The invention at issue related generally to a mechanically anchored reinforcement system for concrete slabs. One clause of the agreement defined the “Invention” to include “all mechanically anchored reinforcements for concrete structures, protected or not protected by patents,” [46] (my emphasis). Another clause expressly provided that royalties would be paid after the expiry of the last patent: “Following the expiry date of the last Patent, DECON agrees to pay a royalty of three percent (3%) of Sales Price receipts. . . for as long the as [sic] product is made. . .” Thus the agreement was express that the payment obligation survived the expiry of the patents.
The wrinkle, as a matter of contract law, was that the termination clause provided that the agreement was to be in effect “for the lifetime of the Patents issued based on Invention,” and also provided for termination on one year’s notice [51]. Applying standard principles of contractual interpretation, Labrenz J held that the only way to give effect to all the terms of the agreement was to interpret the payment obligations as not being captured by the termination clause [46], [58].
This would be an unremarkable matter of contractual interpretation, but for the US rule in Brulotte, which held that royalty provisions of a patent licensing agreement which provides for royalties for the use of machines incorporating certain patents are not enforceable for the period beyond the expiration of the last patent incorporated in the machine. This rule was widely criticized by commentators: see Herbert Hovenkamp Brulotte's Web (2015) 11 J of Comp Law & Econ 527. It was nonetheless reaffirmed by the Court in Kimble, largely on the basis that it was settled law. As Professor Cotter points out, even the majority in Kimble seemed to acknowledge that the rationale for the rule is unconvincing; and he notes that Landes & Posner referred to it as “one of the all-time economically dumb Supreme Court decisions.”
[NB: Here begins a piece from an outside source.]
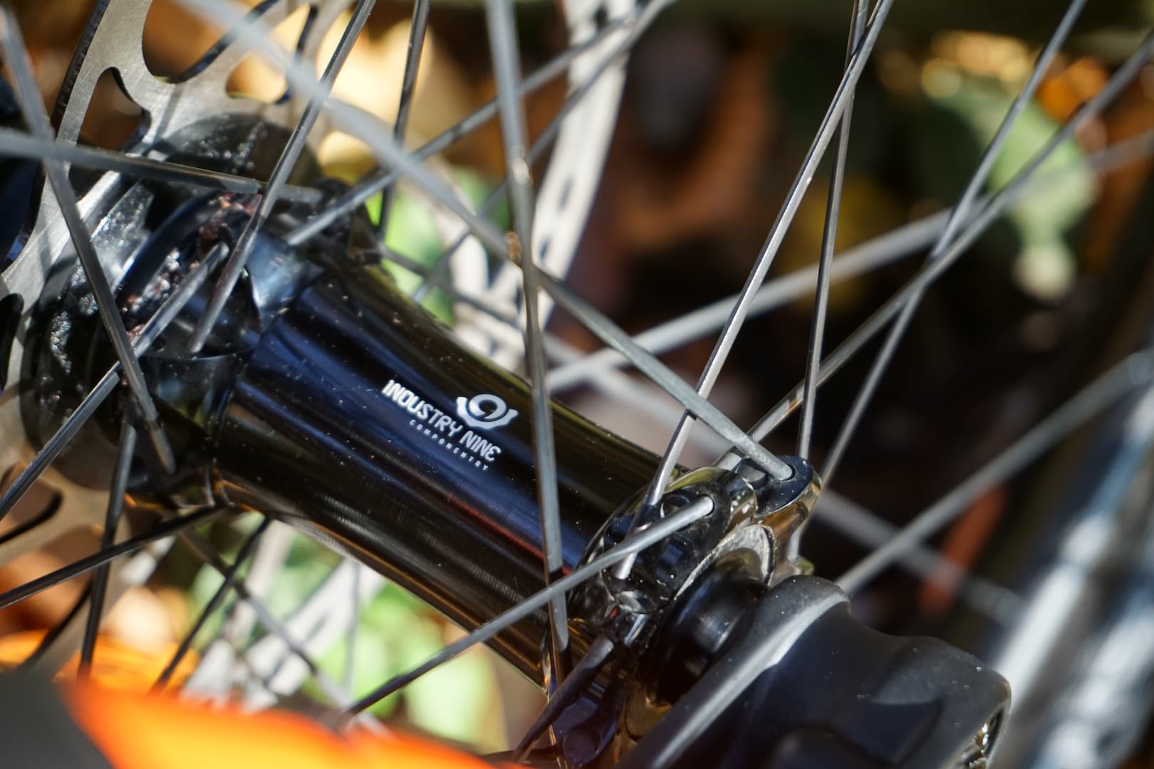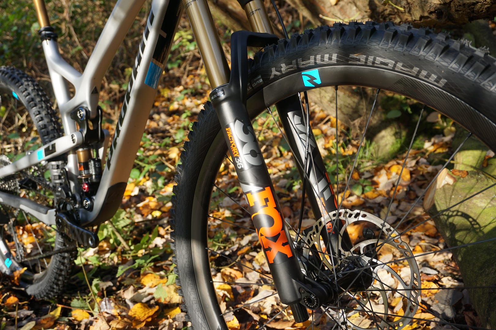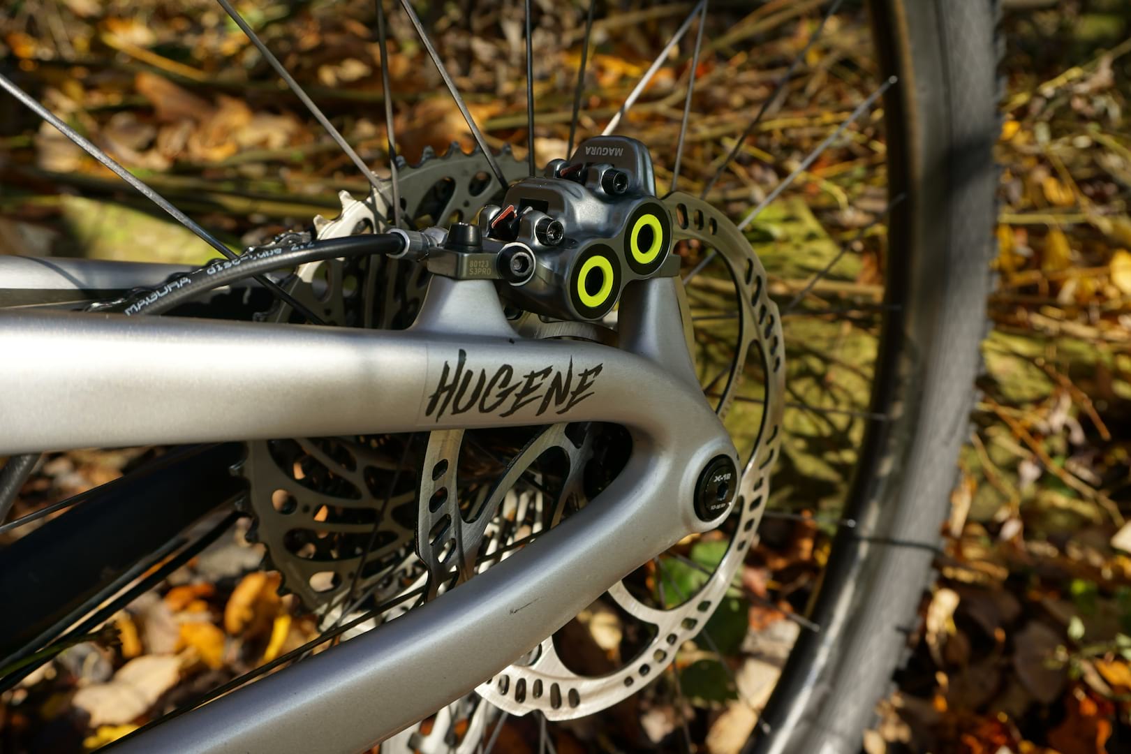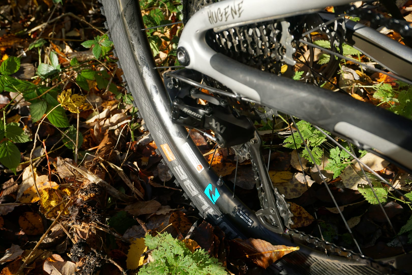 Continuing with the carbon theme, the Hugene rolls on a set of Reynolds Black Label Carbon 29 Enduro wheels. These are based around a set of tubeless ready, 28mm internal, asymmetric carbon fibre rims laced to Industry Nine hubs giving 3 degrees of engagement.

The main prior Canadian case on point is Culzean Inventions v Midwestern Broom Co (1984) 82 CPR(2d) 175 (SKQB), which also held that parties are able to contract for the payment of royalties beyond the term of the patent. The analysis in Culzean focused on competition law, in particular the argument that at common law monopolies were void as being against the public interest and contrary to public policy. The argument in Ghali v Jordahl focused on the contract law issue of whether such an agreement would be commercially unreasonable. These arguments were rejected in both cases, in favour of the basic policy in favour of enforcing the express terms of a contract between sophisticated parties. (For authority Culzean relied on cases such as Trubenizing Process [1943] SCR 422, which make the distinct but related point that payment obligations can survive the invalidity of the patent; Ghali relied on standard contract law doctrine and cases.)
While Culzean and Ghali are not high authority, but they are consistent in the result and in the reasoning. In light of this, and given the criticism that Brulotte and Kimble have received, it seems safe to say that the Brulotte doctrine is not, and will not become, part of the Canadian law.